# 05 pathfinder AC problem front vents will not blow SOLVED



## wandaniers (Jul 6, 2011)

AC problem on my 2005 nissan pathfinder LE write up

Ok well after much reseach and no real staight solutions that I could find, I decided to try and tackle my AC problem because it has been soo hot lately and having the windows down with hot air blowing on you or not to mention pregant wife is not fun. 

So the problem is the AC / Heat or any air for that matter would not blow out the front vents but the ac would however blow out the top vents all the way in the 3rd row. I knew than something was wrong with the front blower (as pathfinders have 2 blower motors, 1 for the front and 1 for the rear). 

After checking all the fuses in the car on the side of the glove box and the fuse in the engine bay, I found they all turned out to be good.

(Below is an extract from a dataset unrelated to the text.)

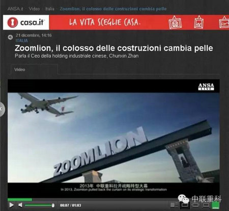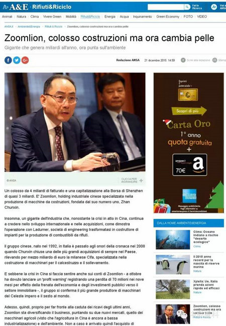 意大利知名国际通讯社安莎通讯社(Agenzia nazionalestampa associata,ANSA)今日在其网站首页连续重磅发布三篇报道,聚焦中国企业中联重科收购意大利领先环保企业LADURNER(纳都勒)公司,中联重科董事长詹纯新,公司副总裁、环境集团总裁张建国接受了安莎社记者的专访。

Next thing I did was run power to my front blower motor (which is located underneath the glovebox on the passanger side of the truck). There are 2 plugs that are right there, the smaller of the 2 is for the blower motor. So I unpluged it and ran a power wire right from the battery to the one pin and ran a ground to the other. The blower fired up but sounded horrible. 

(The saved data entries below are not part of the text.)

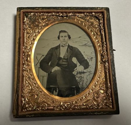 1800's Ambrotype of Gentleman, leather case with ornate brass framing, missing front on case, 4"h., 3 1/8"w., Location Case by Office 1800's Ambrotype of Gentleman, leather case with ornate brass framing, missing front on case, 4"h., 3 1/8"w., Location Case by Office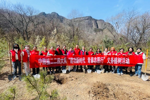 在第44個植樹節(jié)之際,團員青年志愿服務隊來到照金共建林,以實際行動積極參與植樹造林,倡導綠色理念,踐行學雷鋒志愿服務精神。植樹現(xiàn)場,團青志愿者們分工協(xié)作,揮锨揚鎬,扶苗挖坑,悉心種樹,踏實撫平,提水澆灌……經(jīng)過團青志愿者們的辛勤勞作,錯落有致、迎風挺立的松苗綻放出春天的勃勃生機,為秦嶺大地增添了一份綠意。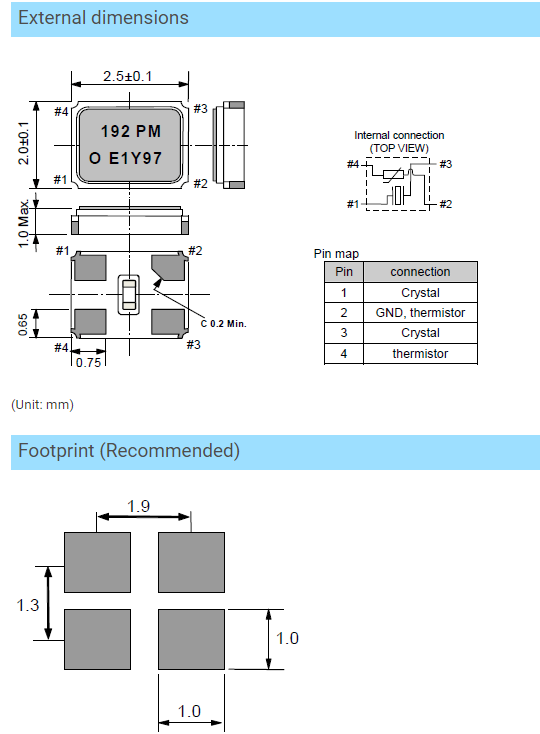 | 頻率老化 | f_age | ±1 × 10-6 / year Max. | +25°C,第一年 |

Now for the other larger plug that is under there is for the VBC (Variable Blower Control module). I figured that this was bad. I went to my local dealer and picked up a new one for $70 beans. Took the old one out by unscrewing 2 bolts that are very small (I used a 1/4 rachet with a 7/32 socket). Popped the new one in, turned the car on and boom the air from the front vents kicked on. However the blower sounded like death. I say great now I need a new blower motor as well (dealer quote $240). 

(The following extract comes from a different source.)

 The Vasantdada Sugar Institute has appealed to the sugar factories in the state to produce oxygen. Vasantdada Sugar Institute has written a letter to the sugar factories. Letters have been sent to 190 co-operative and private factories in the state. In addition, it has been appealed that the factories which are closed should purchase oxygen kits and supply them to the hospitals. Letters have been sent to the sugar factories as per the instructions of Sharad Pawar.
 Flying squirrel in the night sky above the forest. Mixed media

Did not want to buy a new blower motor because this one works, it just was sounding bad. I take the blower motor out (3 7/32 bolts). I pop the circle clip off and unscrew a torx on the side, so I could take the fan off the motor and shimmey the motor out from its plastic shell (be very careful if you do this though because the plastic fan is plastic duhhh and very easy to break). I spray electrical clean spray all over the motor to get all the soot out and off of it. Then proceded to blow compressed air through it. A couple of good sized black chunks came out. Put the motor back together and slapped her back in and she works perfected again, nice and quiet.









VBC plug









VBC itself (2 kinds mine was a 4 fin but some other models have 3 finned ones)









Front blower motor taken apart

Hope this helps some people out there and also Im sure this would probably be the same procedure for other nissan trucks like titan, frontier, xterra, armada, qx56, quest.


----------



## Volvite (Nov 12, 2010)

Nice. Great job on the clean up. Glad you figured it out for the rest of us.


----------



## jamie83 (Nov 15, 2011)

*Front blower problems*

Hi Mate

Im having the same problems with a 05 pathfinder SVE here in the UK.

I've just looked under the motor to check the power to the motor etc and there is three plugs. One white plug next to the actual fan, then a small grey plug to the right and then close by is a large white plug which looks like it is plugged into the VBC. Am i right in guessing the small grey one is the one to check to make sure the motor is good? Just thought i'd check before i stick some juice up it to check it and then blow something else.

Cheers.


----------



## Brandi (Aug 26, 2019)

[QUOTE="wandaniers, post: 1339974, 
How did you take the plastic fan off of motor i took circle clamp and torque screw out , mine isnt sliding out ive been messing with it over an hour, help am i missing something?


----------